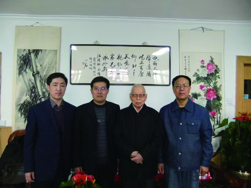 2010年4月,王小彬(右一)、王茂俠(左一)、孫玉華(左二)在北京西四大拐棒胡同陰法唐(右二)同志家中采訪留影。王小彬供圖
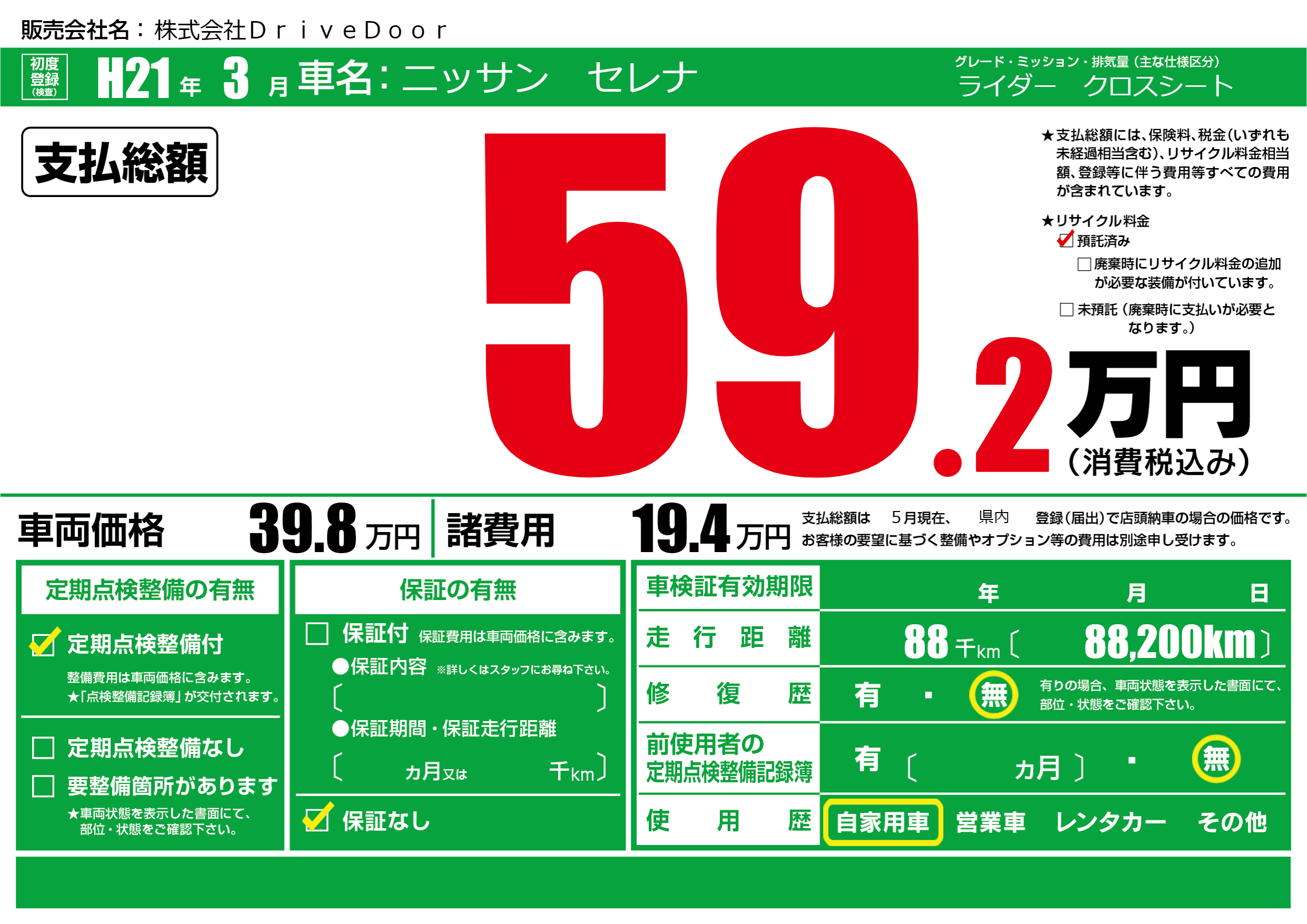 定期点検整備 | 定期点検整備あり |
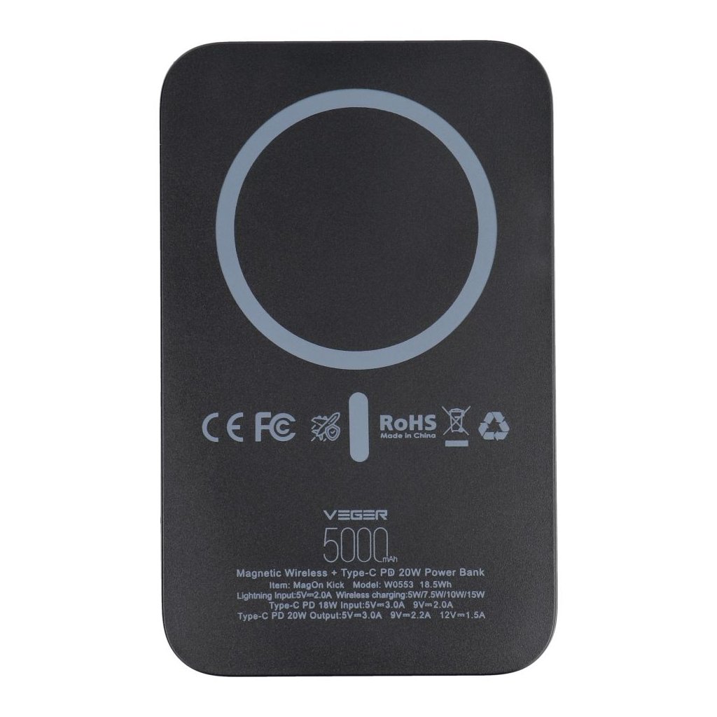 VEGER powerbank 5000 mAh s indukčním nabíjením kompatibilní s MagSafe PD QC3.0 2A 20W MagOn Kick (V0553P / W0553P) černá
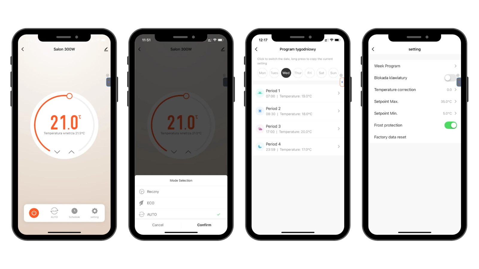 Zdalna kontrola przez Wi-Fi: Zarządzaj temperaturą w swoim domu z dowolnego miejsca za pomocą aplikacji Tuya. Sterowanie przez smartfon zapewnia pełną kontrolę i wygodę.
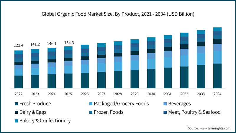 Рынок органических продуктов оценивался в 154,3 млрд долларов США в 2024 году и, как ожидается, вырастет с 168,2 млрд долларов США в 2025 году до 364,4 млрд долларов США в 2034 году, с темпом роста 9% в год, согласно последнему отчету, опубликованному компанией Global Market Insights Inc.
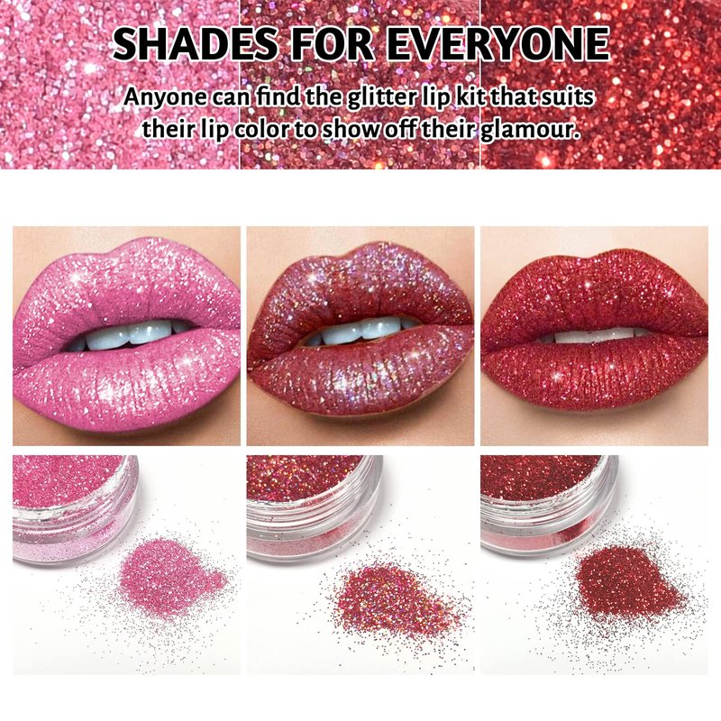 - 【Ideal gift for Your Love】Our glitter lip kit have 3 styles for you to choose. Your friends or your family member will fall in love with the glitter , diamond , metallic sparkling 3D lip glitter effect.
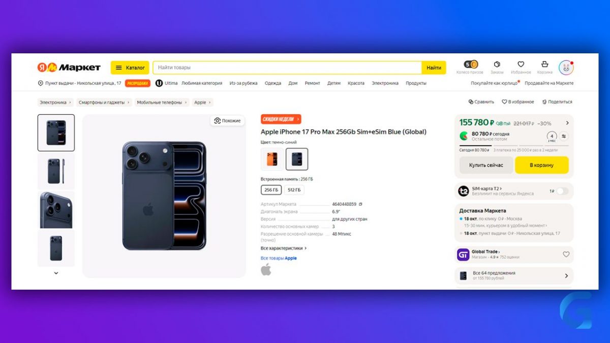 - iPhone 17 Pro Max (256 ГБ) — от 156 тысяч рублей.

• _PROBLEM TO SOLVE_: Pictures are to be left out; everything else in the records gets retyped exactly.

• _WRITTEN ANSWER_:
 2010年4月,王小彬(右一)、王茂俠(左一)、孫玉華(左二)在北京西四大拐棒胡同陰法唐(右二)同志家中采訪留影。王小彬供圖
 定期点検整備 | 定期点検整備あり |
 VEGER powerbank 5000 mAh s indukčním nabíjením kompatibilní s MagSafe PD QC3.0 2A 20W MagOn Kick (V0553P / W0553P) černá
 Zdalna kontrola przez Wi-Fi: Zarządzaj temperaturą w swoim domu z dowolnego miejsca za pomocą aplikacji Tuya. Sterowanie przez smartfon zapewnia pełną kontrolę i wygodę.
 Рынок органических продуктов оценивался в 154,3 млрд долларов США в 2024 году и, как ожидается, вырастет с 168,2 млрд долларов США в 2025 году до 364,4 млрд долларов США в 2034 году, с темпом роста 9% в год, согласно последнему отчету, опубликованному компанией Global Market Insights Inc.
 - 【Ideal gift for Your Love】Our glitter lip kit have 3 styles for you to choose. Your friends or your family member will fall in love with the glitter , diamond , metallic sparkling 3D lip glitter effect.
 - iPhone 17 Pro Max (256 ГБ) — от 156 тысяч рублей.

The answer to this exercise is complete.